Lipopolysaccharide adsorption on activated rice shell in intestine epithelial cell culture

 

Akimbekov N.Sh.

 

Al-Farabi Kazakh National University, Almaty city, The Republic of Kazakhstan nur_akimbek@yahoo.com

This study confirmed the toxic effect of lipopolysaccharide (LPS) on intestine epithelial cell (IEC-6) and adsorption of LPS on an activated material based on rice shell (ARS). The source of LPS in organism is gram negative intestine microflora. Previous works show that lipopolysaccharide exert influences on IEC-6 and its ability to migrate. Cell migration is a central process in the development and maintenance. Tissue formation during wound healing and immune responses all require the orchestrated movement of cells in particular directions towards specific locations. In the present work the effects of LPS on IEC-6 migration was studied in vitro by assessing the ability of confluent cells to reconstitute a scraped wound. The objective of this work is endotoxin removal by the sorption on the activated sorbent in IEC-6 culture.

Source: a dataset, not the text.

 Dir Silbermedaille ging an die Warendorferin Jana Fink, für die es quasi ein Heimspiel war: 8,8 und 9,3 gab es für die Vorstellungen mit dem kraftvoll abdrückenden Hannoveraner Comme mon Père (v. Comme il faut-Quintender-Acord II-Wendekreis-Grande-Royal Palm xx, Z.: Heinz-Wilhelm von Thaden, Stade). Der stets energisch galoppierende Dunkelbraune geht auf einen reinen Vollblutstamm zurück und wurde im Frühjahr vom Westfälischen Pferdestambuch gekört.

ARS is one of the most complex nanostructured solids and multifaceted molecule because of its extremely high surface area and micropore volume. It’s bimodal and rarely trimodal pore size distribution provides good access for sorbate molecules into the interior. The structure of activated carbon is complex. It is basically composed of an amorphous structure and a graphite-like microcrystalline structure. Of the two, the graphitic structure is important for its capacity to provide "space" in terms of slit-shaped channels accommodating molecules. ARS is believed to be promising material that might show efficient and so far unknown LPS adsorption properties.

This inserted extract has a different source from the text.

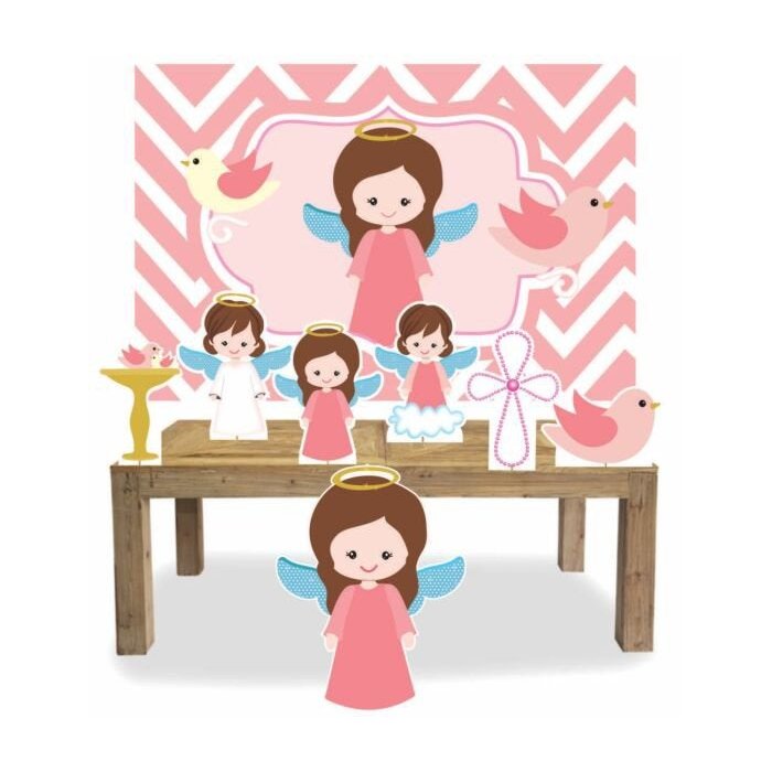 Kit Display mdf Batizado Anjinho Menina 7 Pçs + Painel Grande

IEC-6 culture was used in the experiment. The culture between passages 5-13 was filled with the appropriate volume of PromoCell Growth Medium (2 ml/well) in cell culture vessels (Nunclon Surface) and placed in an incubator (37°C, 5% CO₂). The next day, IEC-6 cells were scraped with a cell scraper. At the same time LPS was added at the concentration of 2µg/ml to the first cell culture; LPS (2µg/ml) and ARS (5µg/ml) to the second; ARS (5µg/ml) alone was added to the third and the fourth untreated culture was used as a control. The cell cultures were placed under a microscope equipped with a camera. Differential interference contrast images were obtained every 300 min. Digital images from LPS, LPS-ARS and ARS treated IEC-6 cell cultures were obtained at t= 0; 6 and 12 h, revealing inhibited wound closure as a result of impaired migration for the former. The experiments were repeated twice with triplicate samples.

In control cell cultures, the wound was completely closed by 12 h. The same was observed in cell cultures with ARS and LPS-ARS.

In contrast, LPS-treated cell cultures revealed a significant inhibition of migration rate and consistent inability to close the wound at any given time point. However, LPS had no effect on the cells viability. The results indicate that LPS significantly impairs IEC-6 migration in vitro.

The present work describes the adsorption process using ARS for the removal of LPS from medium with intestine epithelial cell cultures. It also shows that ARS does not have any adverse effect on IEC-6 migrating ability. These studies are very important for discovering new medicines for normalization of intestine microecology as well as for the treatment of intestine disorders.